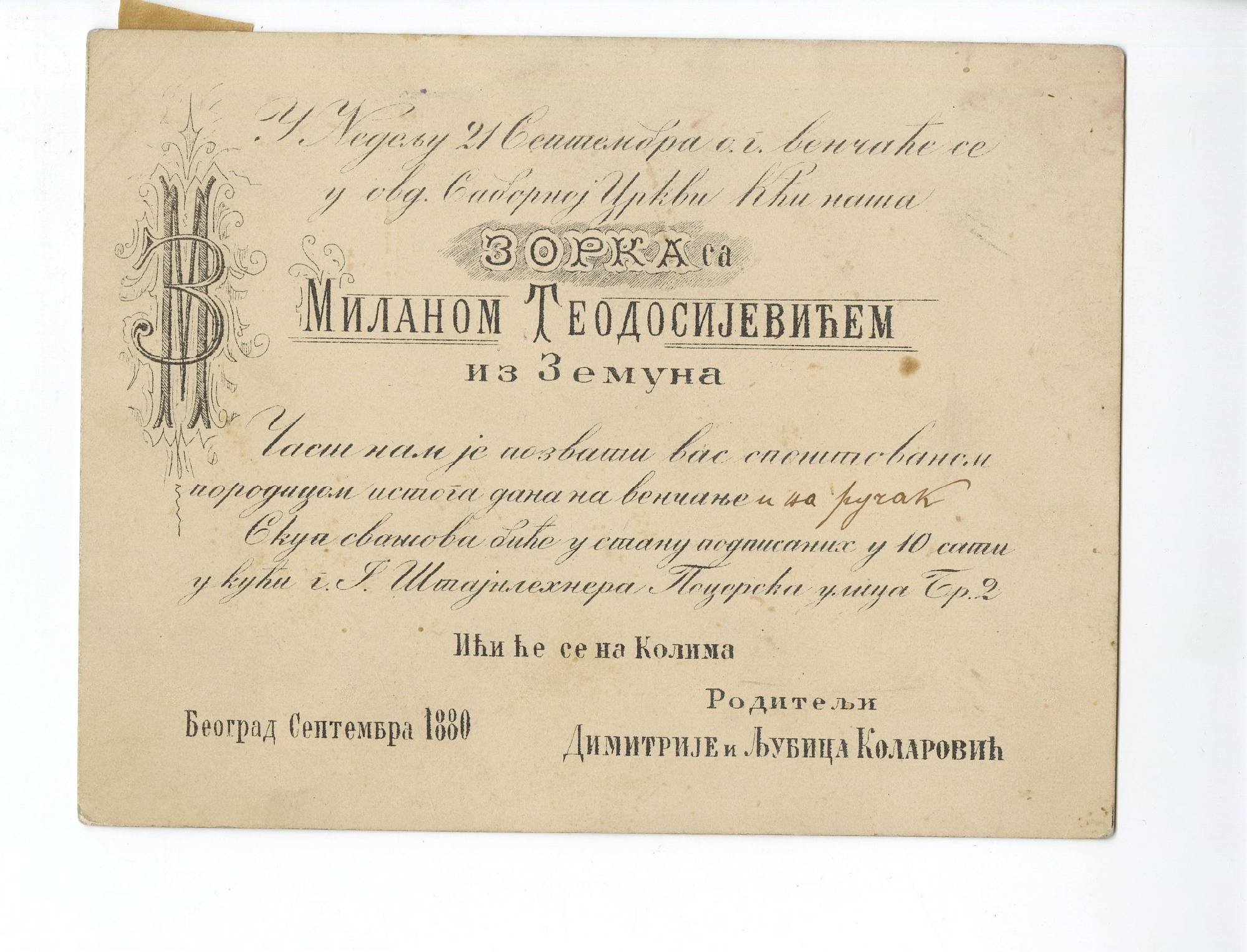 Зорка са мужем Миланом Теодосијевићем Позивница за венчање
* * *
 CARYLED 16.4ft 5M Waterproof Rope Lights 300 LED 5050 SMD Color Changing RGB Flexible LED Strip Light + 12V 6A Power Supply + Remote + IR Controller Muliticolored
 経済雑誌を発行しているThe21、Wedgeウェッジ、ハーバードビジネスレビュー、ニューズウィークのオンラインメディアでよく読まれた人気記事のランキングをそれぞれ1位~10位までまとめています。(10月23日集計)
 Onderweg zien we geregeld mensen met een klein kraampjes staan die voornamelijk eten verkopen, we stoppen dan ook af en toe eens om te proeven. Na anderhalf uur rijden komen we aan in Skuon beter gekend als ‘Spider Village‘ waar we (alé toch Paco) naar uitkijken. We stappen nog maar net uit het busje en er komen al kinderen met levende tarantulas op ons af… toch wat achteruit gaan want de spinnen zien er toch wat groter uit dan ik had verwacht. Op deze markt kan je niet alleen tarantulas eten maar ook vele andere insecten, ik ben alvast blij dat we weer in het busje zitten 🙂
* * *
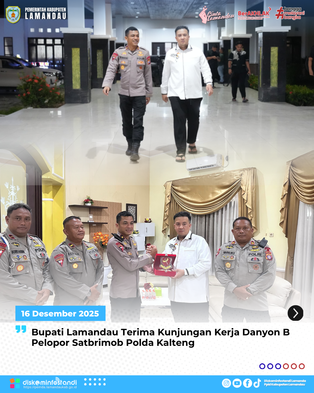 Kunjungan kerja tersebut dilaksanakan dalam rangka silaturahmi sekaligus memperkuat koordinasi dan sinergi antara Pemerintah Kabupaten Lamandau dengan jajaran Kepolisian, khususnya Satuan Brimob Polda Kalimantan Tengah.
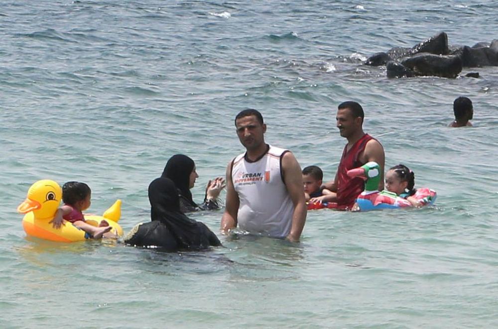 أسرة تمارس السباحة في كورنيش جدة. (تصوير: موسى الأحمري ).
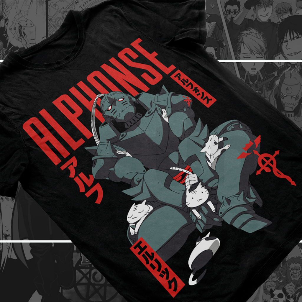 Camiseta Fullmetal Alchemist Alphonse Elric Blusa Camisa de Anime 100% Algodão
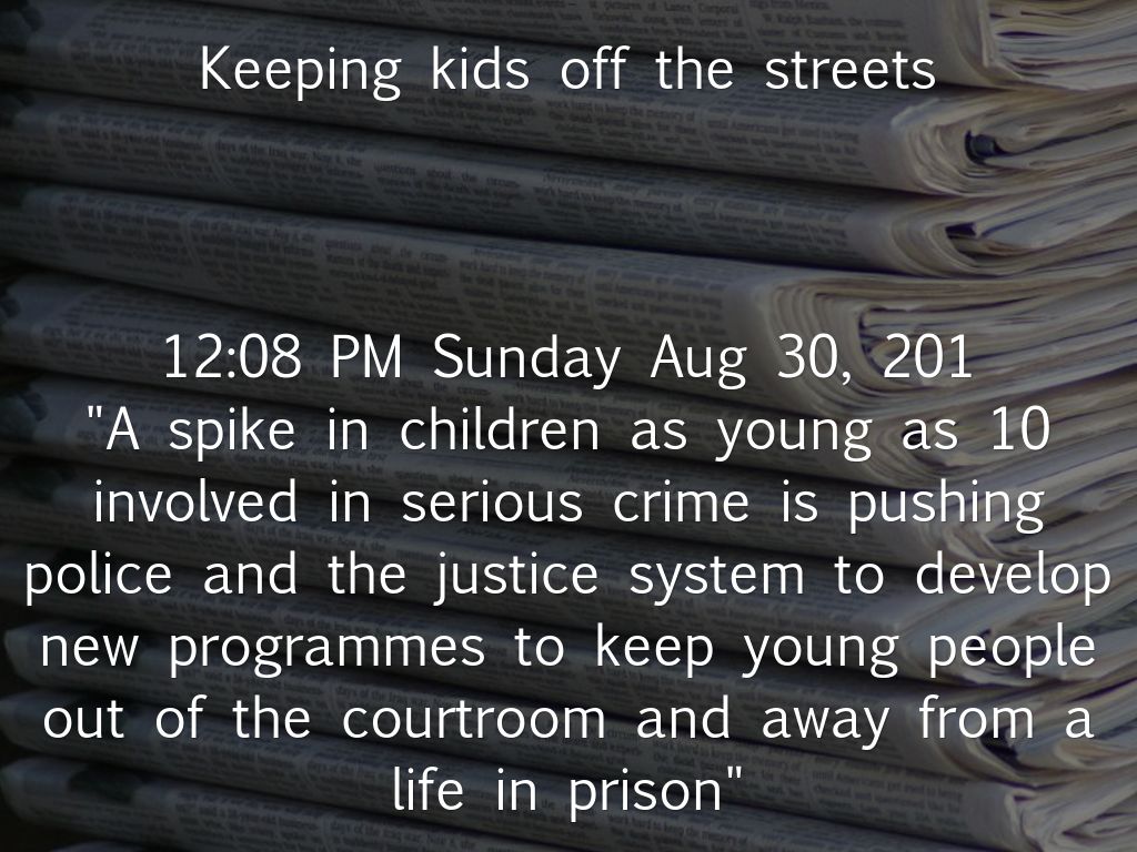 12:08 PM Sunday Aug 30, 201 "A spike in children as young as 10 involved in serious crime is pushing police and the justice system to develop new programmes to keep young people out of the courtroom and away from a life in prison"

> **WHAT YOU ARE ASKED TO DO**: With pictures omitted, repeat the entries above word for word from the line holding "Camiseta Fullmetal Alchemist" down to the line holding "12:08 PM Sunday", keeping both of those lines.

> **REPLY TO THE EXERCISE**:
 Camiseta Fullmetal Alchemist Alphonse Elric Blusa Camisa de Anime 100% Algodão
 12:08 PM Sunday Aug 30, 201 "A spike in children as young as 10 involved in serious crime is pushing police and the justice system to develop new programmes to keep young people out of the courtroom and away from a life in prison"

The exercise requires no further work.